ATCHISON — Kim Daniels, J.D., a member of the Vatican Dicastery for Communication who served in the 2021-24 Synod on Synodality as an expert participant and as the coordinator of one of the 10 major synod study groups, offered a look at the synodal process and Pope Leo XIV’s continuation and deepening of that process.
Her talk, “Pope Leo, Synodality and Women’s Leadership in a Global Church,” was this year’s Fellin Lecture on April 26. The Fellin Endowment Fund sponsors the lecture series, presented each year by the Sisters of Mount St.

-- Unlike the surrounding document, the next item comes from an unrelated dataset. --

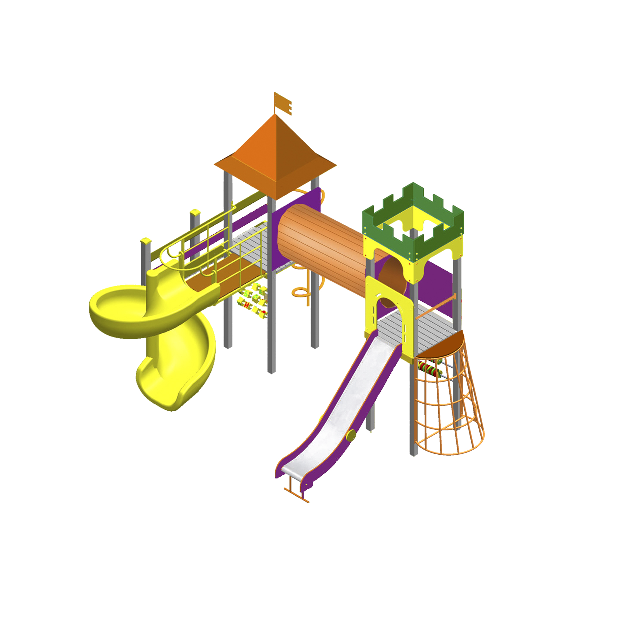 Две горки высотой 1,5 м до башни: пластиковая спиральная горка и горка из листовой нержавеющей стали толщиной 1,5-2 мм без сварных швов, благодаря чему обеспечивается плавный и главное безопасный спуск ребенка.
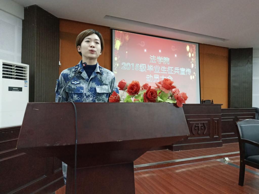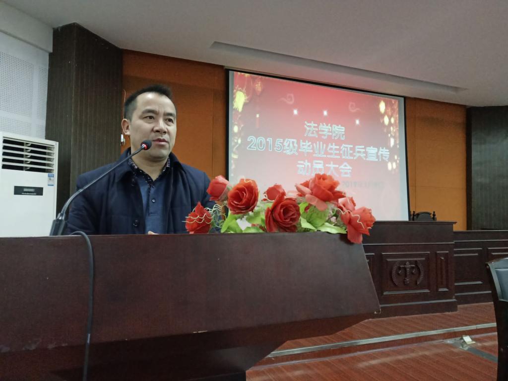2019年1月9日上午10点,法学院在致远楼202组织召开了2019届毕业生征兵宣传动员大会。院党总支书记尹钟宏、副书记刘依归、学校武装部部长郑秀星及辅导员刘惠婷、宋元烨参加,尹钟宏主持会议。

Scholastica Monastery to support the liberal arts orientation of Benedictine College in Atchison.
“In a divided world, the synod is a model for how to respond to disagreement,” said Daniels, noting that we should step back and consider how remarkable the process was.
“The Catholic Church, this centuries-old, global, multicultural, multilingual institution of 1.4 billion people,” said Daniels, “came together over three years to listen to each other, to face our deepest challenges head on, and to work to renew our church for the next generation.
“A diverse group, women and men, bishops and lay people, with plenty of human frailties on full display, managed to arrive at a broadly agreed upon set of steps toward reform and renewal — things like transparency, accountability, making sure that professional lay people have involvement, meaning people who bring professional skills like finance and human resources to manage the church.
“It’s a model for the world of how to work through differences together.”
A mother of six, she noted that the synod also illustrated the importance of women’s roles in the church and in passing the faith along to future generations.
“The synod made it clear that women’s fuller participation in the life and leadership of the church is not a side issue,” Daniels said. “It is central to the church’s mission, to its credibility and to its capacity to serve the common good.”
She said that when the theologians gathered in 2022 to analyze the results of the local listening processes, it became clear that the question of women’s participation had persistently surfaced across different contexts, cultures and regions.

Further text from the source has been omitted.